# Thread: Detrmine whthere the sequence converges

1. ## Detrmine whthere the sequence converges

An = 2((n+1)!) + 4^n / 2(n!)n^2

1) determine whether it converges and if it does, find the limit of the sequence {An}

I realise that i need to find the dominant term of the sequnece and to divide by this and so on, but i have not seen an example where (n+1)! is an element of the sequence and this has thrown me. Any help would be highly appreciated!! Limits is not my forte!

2. ## Re: Detrmine whthere the sequence converges

Originally Posted by raggie29
An = 2((n+1)!) + 4^n / 2(n!)n^2

1) determine whether it converges and if it does, find the limit of the sequence {An}

Which is it
$\frac{2(n+1)!+4^n}{2(n!)n^2}\text{ or }2(n+1)!+\frac{4^n}{2(n!)n^2}$

3. ## Re: Detrmine whthere the sequence converges

The first one. Thanks.

4. ## Re: Detrmine whthere the sequence converges

Originally Posted by raggie29
The first one. Thanks.

Why don't you bother to use grouping symbols?
The way you posted the expression, it actually reads as the second one.

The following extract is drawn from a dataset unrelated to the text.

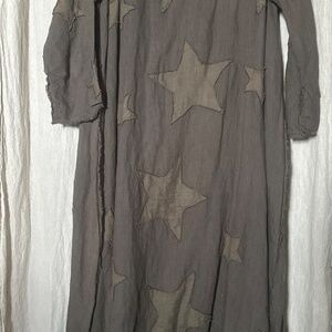 Magnolia Pearl Cassiel Linen Star Applique Distressed Dress - CLAY

$\frac{2(n+1)!+4^n}{2(n!)n^2}=\frac{2(n+1)+\tfrac{4 ^n}{n!}}{2n^2}$

What can you say about $\left(\frac{4^n}{n!}\right)\to~?$

5. ## Re: Detrmine whthere the sequence converges

It is of form of a basic null sequence and hence = 0?

6. ## Re: Detrmine whthere the sequence converges

Originally Posted by raggie29
It is of form of a basic null sequence and hence = 0?
So what is the overall answer?

3/2n ??

8. ## Re: Detrmine whthere the sequence converges

Or is it, = 0? since 1/n and 1/n^2 are both basic null sequences?